Personal information
- Born: June 24, 1973 (age 53)
- Height: 6 ft 0 in (1.83 m)

Medal record
Bobsleigh
Representing the United States
Olympic Games
| Silver medal – second place | 2002 Salt Lake City | Four-man |
World Championships
| Silver medal – second place | 2003 Lake Placid | Four-man |
| Bronze medal – third place | 2004 Königssee | Four-man |

= Bill Schuffenhauer =

American bobsledder

Bill Schuffenhauer (born June 24, 1973) is an American bobsledder who has competed since 2000. Competing in three Winter Olympics, he won the silver medal in the four-man event at Salt Lake City in 2002.

==Early years==

Bill grew up in Salt Lake City, Utah and as a child, his mother was a prostitute and drug addict who was often beaten in front of him. He had to steal, to eat from trash cans, and once was caught trying to break into a bicycle store to try to steal something to sell for food.
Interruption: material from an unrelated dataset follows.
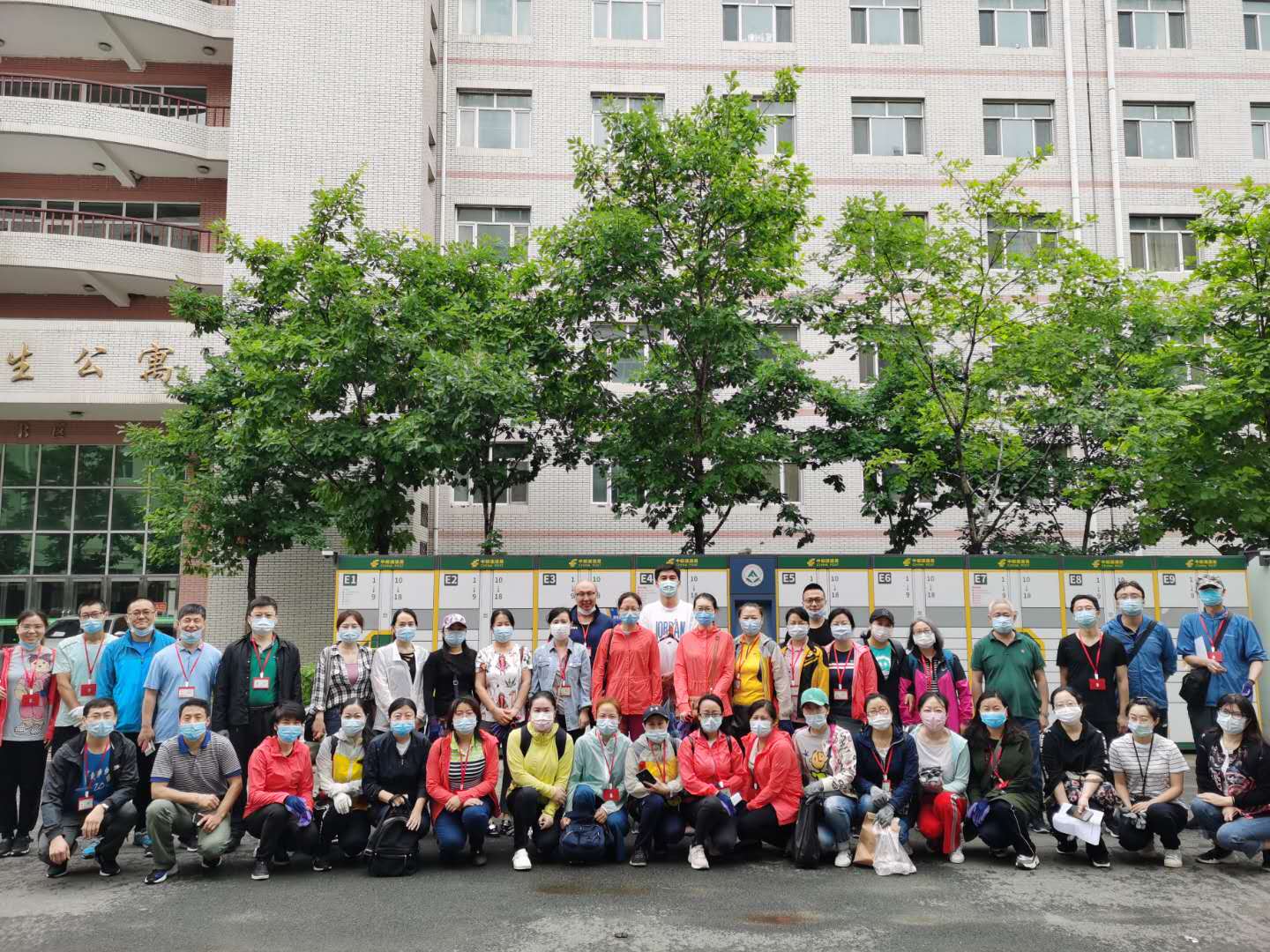全体教师集合在11B公寓楼下,准备进楼为学生们收拾行李

The few friends he had were mostly in street gangs, and Bill drank and smoked cannabis often. His mother was often evicted, and he lived in foster homes. Schuffenhauer's maternal grandmother, Sadie Muniz, took him in as he was about to enter junior high in Roy, Utah. "She reminded me to never give up and always push on," he said.

==Athletic career==
Because of his grandmother's influence, he began going to school and started to participate in track and field at Roy High School, due to his great speed. He persevered to become an Olympian, and his coaches encouraged him greatly as well. He soon became a decathlete. He went to Weber State University and there he won the junior nationals in 1992. Additionally he played American football in high school.

==Olympics career==
Schuffenhauer's Olympics dream as a track and field athlete came to an end in 2000. While training for Sydney, he suffered a bad ankle injury and he could barely walk. When his friend told him that the U.S. Olympic team was practicing bobsledding in Park City, he took the chance to go and observe. While there, the team members noticed his 6-foot, 200 pound frame and asked him he wanted to be a pusher. He accepted and trained with the team from then on.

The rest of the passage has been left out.